## PROBLEM REQUIREMENTS
Exact transcription, pictures omitted: reproduce the listing below.

## DATA EXCERPT
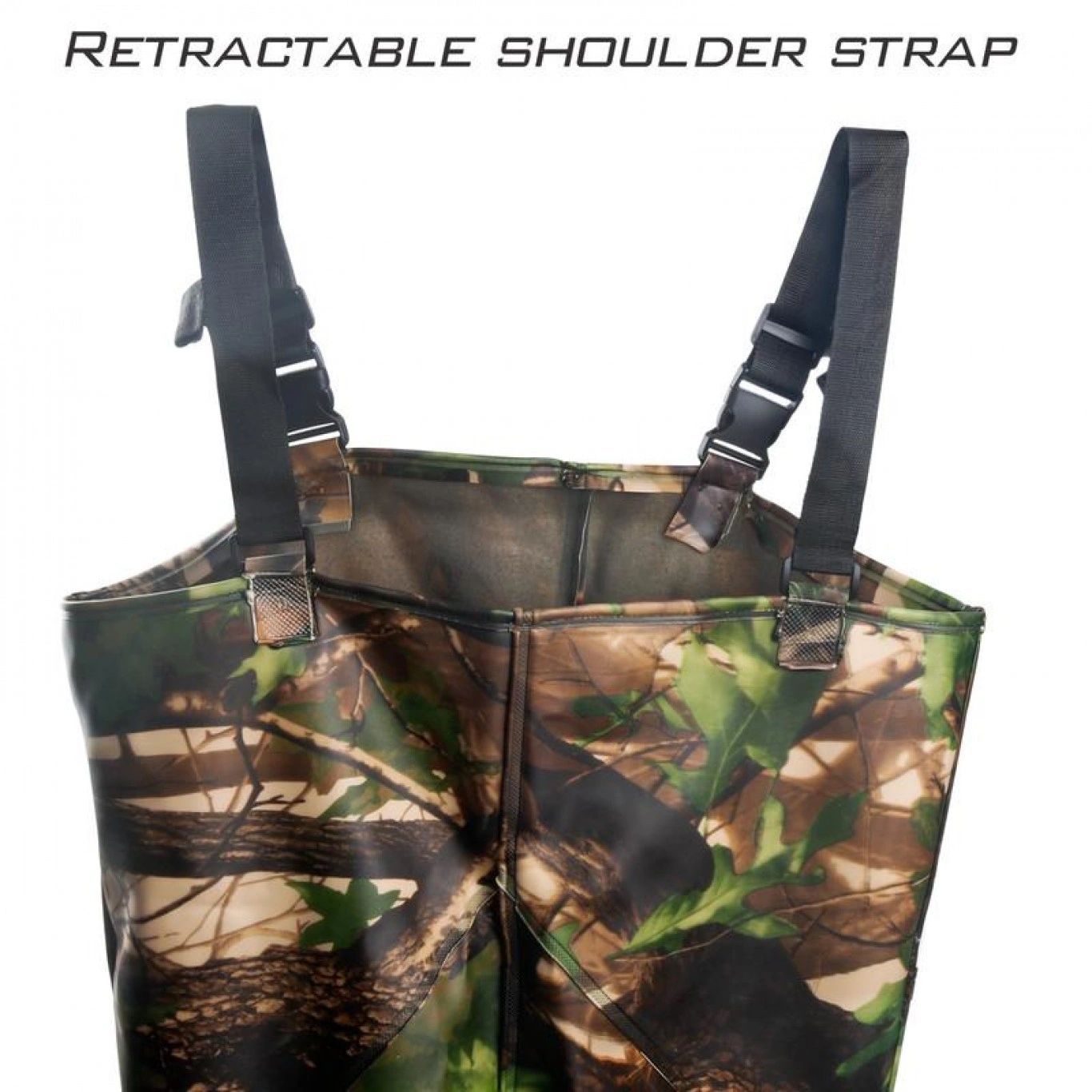 Ευρύχωρες μπότες συγκολλημένες μέχρι το στήθος, με αυξομειούμενες τιράντες εφαρμογής, για πολλές ώρες χρήσης μέσα στο νερό.
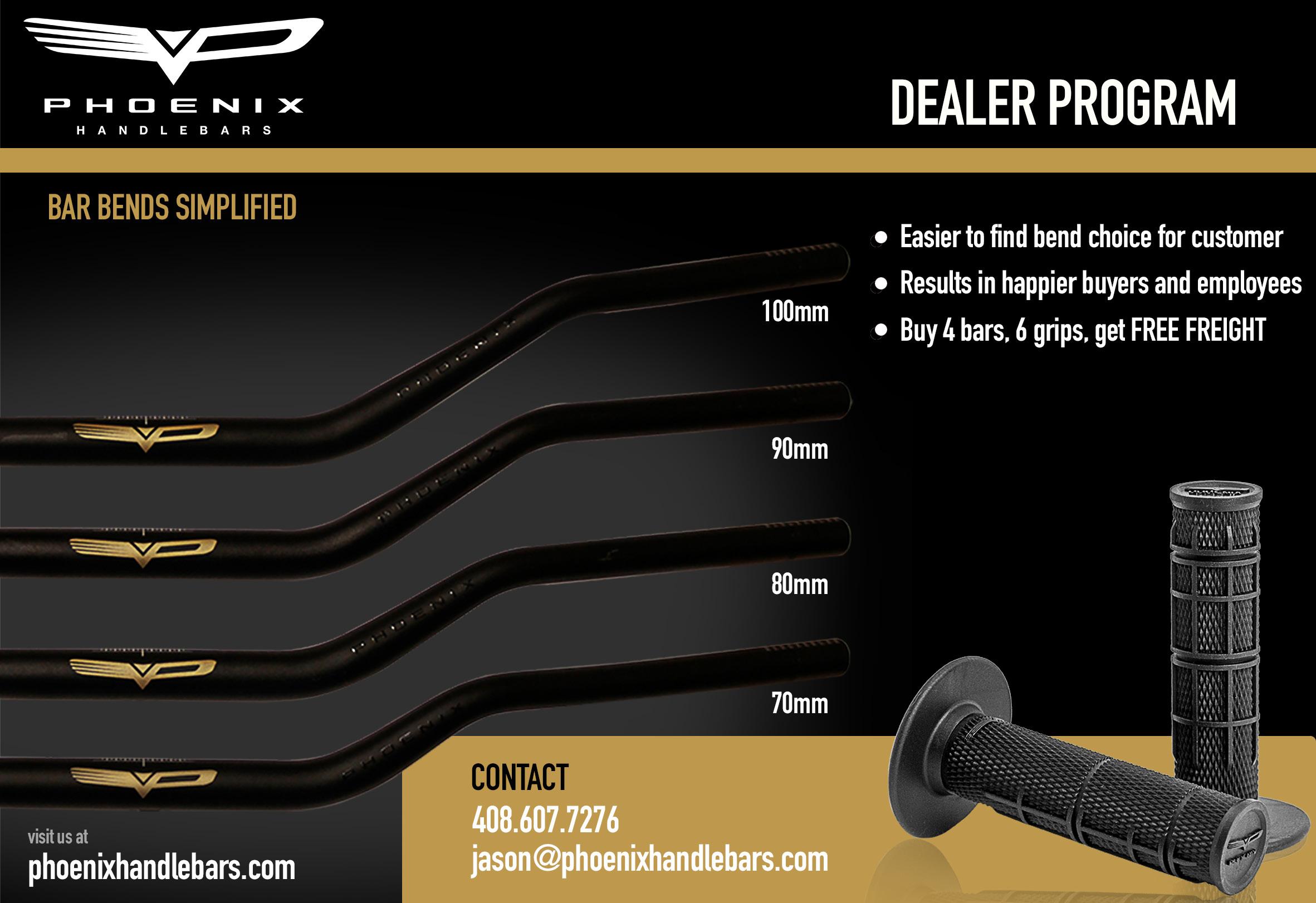 Phoenix gets old school moto… right down to the safety wire slots on their half-waffle grips. But there is more to the brand than selling handlebars, says founder Jason Gearld. “We started this brand to sell bars. But it was also to connect with people. We like to think we are accomplishing that mission.”
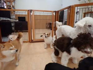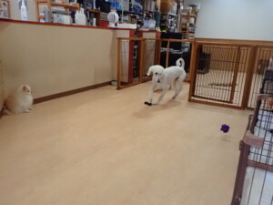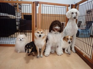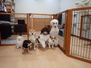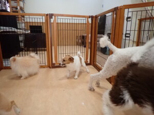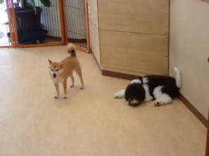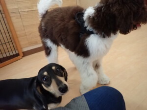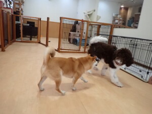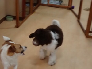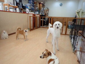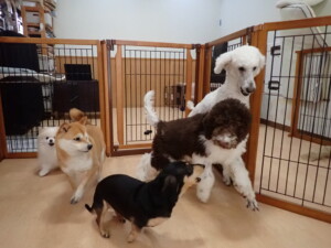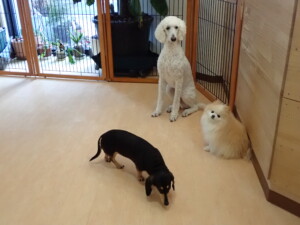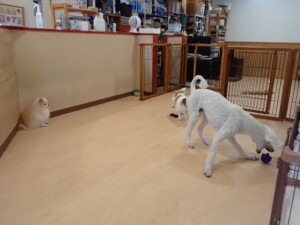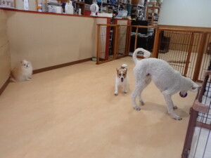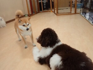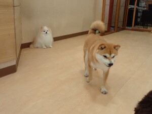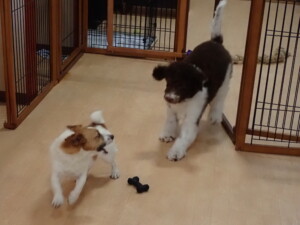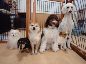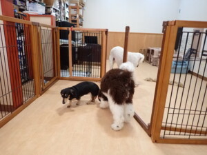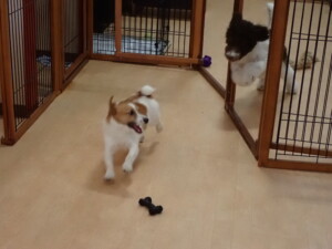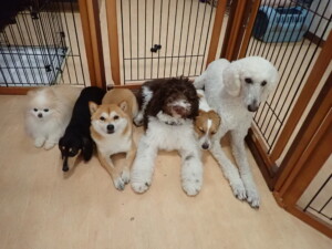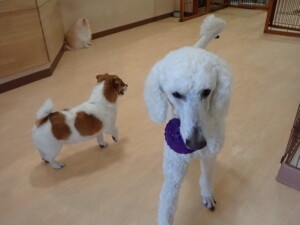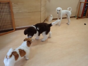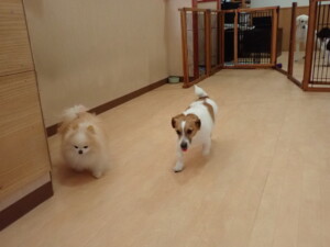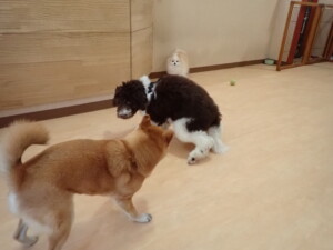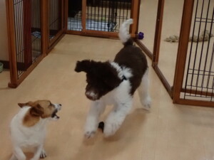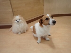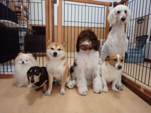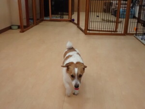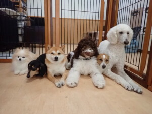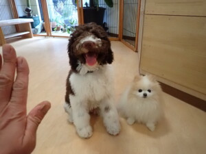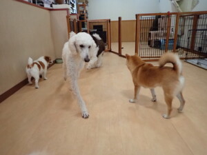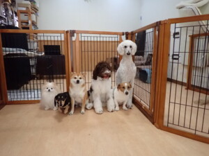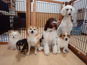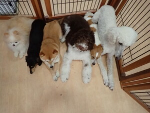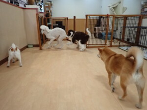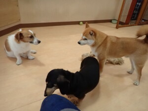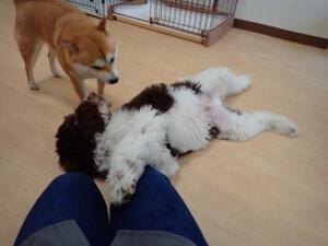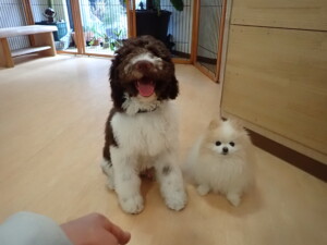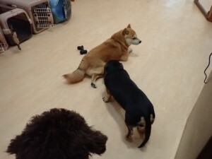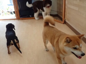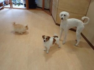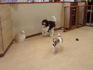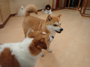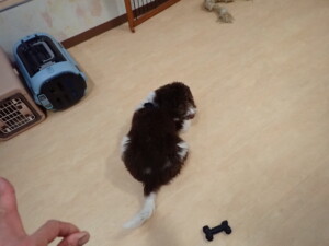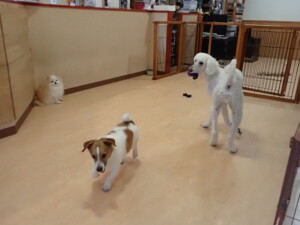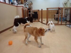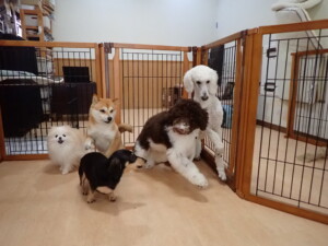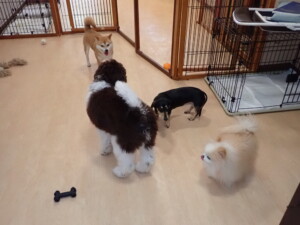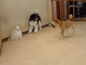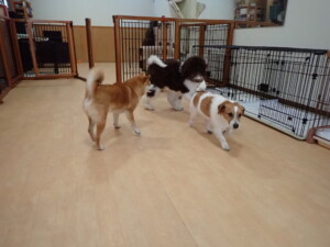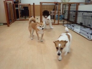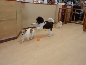 ふじまる君、寛大君、モコちゃん、だんご君、トイ君、みんな元気に遊んでいました。トイ君、「お座り」・「フセ」・「マテ」の練習をしました。

## ANSWER BOX
 Ευρύχωρες μπότες συγκολλημένες μέχρι το στήθος, με αυξομειούμενες τιράντες εφαρμογής, για πολλές ώρες χρήσης μέσα στο νερό.
 Phoenix gets old school moto… right down to the safety wire slots on their half-waffle grips. But there is more to the brand than selling handlebars, says founder Jason Gearld. “We started this brand to sell bars. But it was also to connect with people. We like to think we are accomplishing that mission.”
 ふじまる君、寛大君、モコちゃん、だんご君、トイ君、みんな元気に遊んでいました。トイ君、「お座り」・「フセ」・「マテ」の練習をしました。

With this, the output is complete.